Distributed Software Architecture Styles

A collection of independent software and hardware components networked together and communicating to achieve a common goal to deliver one or more business functionality is the main behavior of distributed software architecture. The distributed nature of the components allows to scale each component interdependently while being fault tolerant, because unavailability of a single component will not impact the whole system functionality. Moreover isolated processing of each component will increase maintainability of the whole system.

There is nothing of the sort called correct architecture for a distributed system and it is decided by a qualified architect along with the necessary justifications based on the given context, feasibility, budget and many other technical and non-technical factors.

However there are different set of architecture styles available in general to implement distributed software architecture and each style exist with its own pros and cons. We will discuss those primary distributed software architecture styles along with their trade-offs.

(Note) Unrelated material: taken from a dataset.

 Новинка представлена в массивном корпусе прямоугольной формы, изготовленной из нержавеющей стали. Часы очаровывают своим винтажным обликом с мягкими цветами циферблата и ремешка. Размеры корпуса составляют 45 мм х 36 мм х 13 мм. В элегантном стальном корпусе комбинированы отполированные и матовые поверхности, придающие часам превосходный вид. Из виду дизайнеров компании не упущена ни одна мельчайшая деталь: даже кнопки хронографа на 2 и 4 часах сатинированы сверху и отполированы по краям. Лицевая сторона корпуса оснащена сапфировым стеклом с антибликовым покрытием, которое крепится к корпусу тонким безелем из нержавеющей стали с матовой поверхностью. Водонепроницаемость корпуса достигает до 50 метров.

Microservices Architecture

When each of the component in distributed architecture is complying to the principal of single-responsibility and they are independently deployed along with it’s own data complying to the share nothing principal, a mesh of microservices will be created.

Microservices will get invoked via an API gateway by their consuming clients to preserve a single entry point and a central control of other cross-cutting concerns such as security and auditing. And inter-microservices communication will be conducted through microservice network and API interfaces.

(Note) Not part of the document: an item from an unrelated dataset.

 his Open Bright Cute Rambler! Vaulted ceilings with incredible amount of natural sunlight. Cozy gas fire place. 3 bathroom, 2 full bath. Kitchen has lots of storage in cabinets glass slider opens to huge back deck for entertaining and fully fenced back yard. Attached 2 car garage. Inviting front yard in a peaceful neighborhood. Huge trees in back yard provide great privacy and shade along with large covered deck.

In order to further optimize the internal API calls, all microservices will be registered in shared configuration called a service registry. The service registry will hide the network configuration complexity of microservices by exposing a network identifier (IP / port) to service-name mapping where a microservice will be discovered by other microservices using the service name.

As mentioned above, one of the primary principal in microservice is complying to share nothing principal which is resembled by the concept of bounded-context. And a microservice will be the sole owner of it’s service and data within it’s bounded-context and the only way to access or modify data is via the exposed API interface of the microservice.

One of the advantage in this architecture is independent deployment of components without impacting other business functions of the system. Further the components are able to achieve scalability and elasticity of specific business functions based on the demand which will result in saving unnecessary hardware and network resource consumption. Microservices are able to achieve service level resiliency by adopting patterns such as circuit-breaker, bulk-head to make the architecture fault tolerant. And this decoupled nature of services increase maintainability and testability of individual services.

And there are some trade-offs to be considered before continue with microservices architecture where this is not suitable for course grained services and it performs well with fine grained services. Moreover this need more cultural changes from development and testing team perspective if the team culture is developed by engaging with monolith software systems in the past. Over the time communication complexity will be added when more microservices are added in to the architecture. Therefore it is important to follow clear grouping of business functions into their specific domains when defining new services to reduce unnecessary inter-microservice communication which is also known by the term of ‘Distributed Big Ball of Mud’.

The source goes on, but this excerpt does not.